The Fad of Humanitarian Aid

Celebrities & African Leaders at the World Economic Forum Source: World Economic Forum/Remy Steinegger

Recently in western culture, celebrities and humanitarian aid have seemed like a natural combination – many high profile stars have used aid to make themselves seen as a global force for good. Unfortunately, these “electric guitars”, or celebrities, have drowned out the voice of those who understand the true plight of these cultures. When Moyo spoke of these celebrities, it is quite apparent that she is frustrated at the fact that they are getting constant media attention. Drawing attention to those in need is a great and progressive idea, unfortunately it has become difficult to tell whether the impoverished people are the center of the fad, or if it is just focusing on the actions of some celebrities that are attempting to draw more attention to their own careers. Moyo, an educated and natural born African, wants to spread her message as much as she can but with celebrities such as Bono taking all of the spotlight of international humanitarian aid, she can’t compete. Additionally, these celebrities are trying to push more humanitarian financial aid into the impoverished countries that she is trying to help sustain themselves and her model of aid is directly opposite of theirs. Because of this, she feels that these countries will become more dependent on western aid, giving money to governments who aren’t stable. This adds to the corruption and instability of these governments and doesn’t allow them a chance to sustain themselves for a long term effort. Moyo adds that the whole story of these regions isn’t being told by these mainstream celebrities and people are getting flawed facts about how to give aid. Approaching humanitarian intervention in this way is simply adding more dependence on foreign money.

Source: Mother Jones

These impoverished lands have many reasons to why they remain in their current state, whether it is corruption, lack of resources, or geological reasons. While monetary aid to these lands seems to be a logical answer poverty, it doesn’t change their aforementioned problems and in some cases even adds more issues. The governments of these lands are constantly taking in more foreign finances and it keeps the corruption and instability alive. Moyo argues that if they were given chances to make real changes and push towards self-sustainability, it would make a much bigger difference in the future. While Moyo’s motive is clear, it isn’t obvious what her true plan of action is. Without the ability to sustain themselves, these cultures may have even more issues with poverty if aid isn’t given. Before we can cut off the finances that are being given, these governments must have a real idea on how to progress without it. The overlying issues that Moyo discusses, such as being a landlocked or having an arid climate, aren’t the only problems these lands face. Many other countries face these same issues and prosper regardless. There must be other reasons that are contributing to their current state and before we can change the approach to aid, we must first isolate and fix these issues.

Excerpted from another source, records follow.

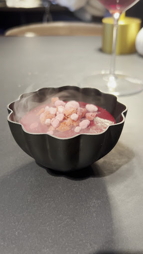 Als ik deze menu wil samenvatten zou ik zeggen lokale producten op Scandinavische stijl gebracht en gekruid met Oosterse invloeden ! Gouden tip: Bij tijdige reservatie kun je de chefs table vragen: met zicht op de keuken én dé eyecatcher van het restaurant, de verlichte bar in Italiaanse...
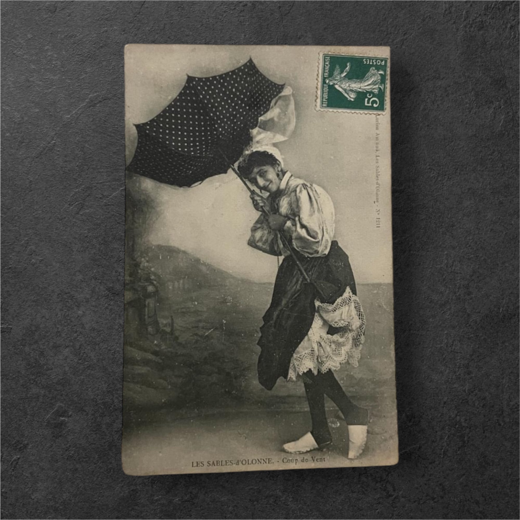 フランスの海辺の町、レ・サーブル=ドロンヌを題材にしたヴィンテージポストカードです。風に煽られながら水玉模様のパラソルを必死に押さえる少女の姿が写されており、日常の一瞬を切り取ったような生き生きとした表情と動きが印象的な一枚です。背景には荒れた空と海辺の風景が広がり、当時の空気感や天候までもが伝わってくるような写真です。
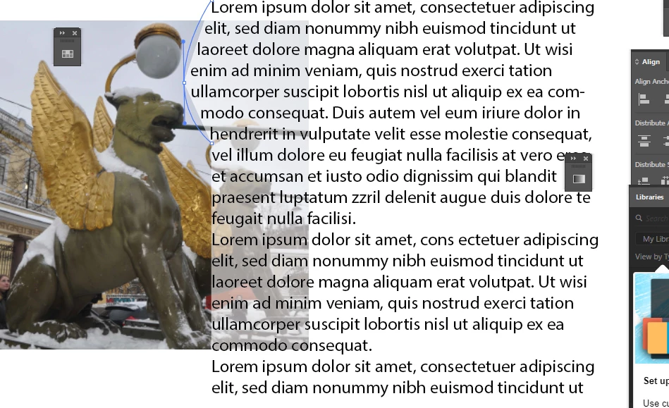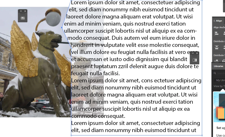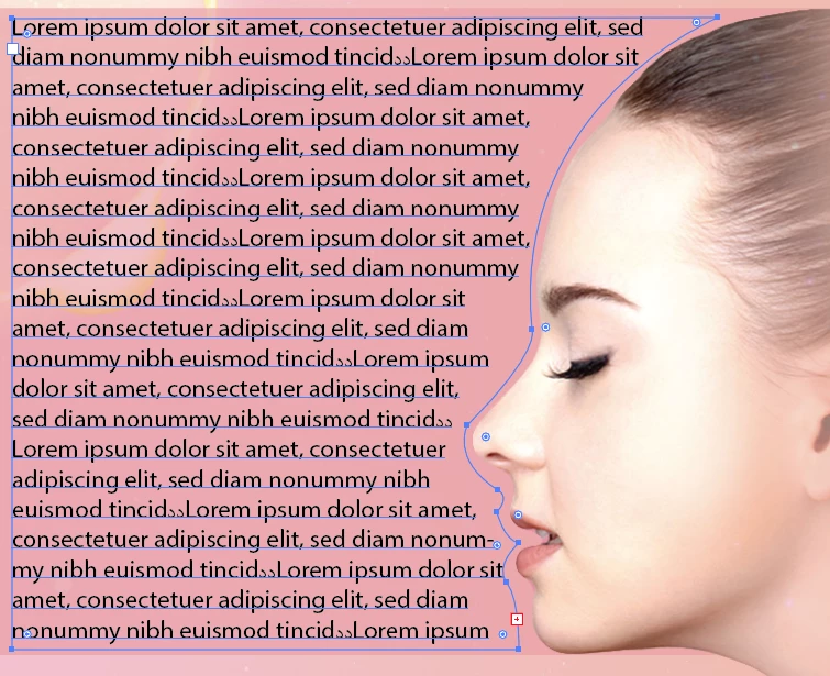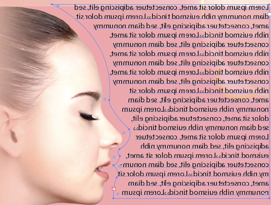 So this is an example of the text shaped or adjusted from the shape of the lady (see above picture). I need to know how it is done because I need to change the position of the lady from right to left so facing right, I need to also change the shaped part of the text. I just transformed the text box to show you how I want it to be but the text inside will also transformed (see picture below).

While it is true that aid is perhaps causing more issues in these developing countries, one must imagine the case if aid was never given. They have shown that alone they cannot sustain themselves but with aid – more problems arise. We must find a middle ground between supporting corruption with western money and leaving these countries to regress by themselves. Many experts feel that a complete removal of aid would be devastating – but just as Moyo has no answers to how to help without aid, they have no answers on how to mix both approaches together to see success. We must study the effects of aid, the possibilities of sustainability, and find a complete plan for the future of poverty.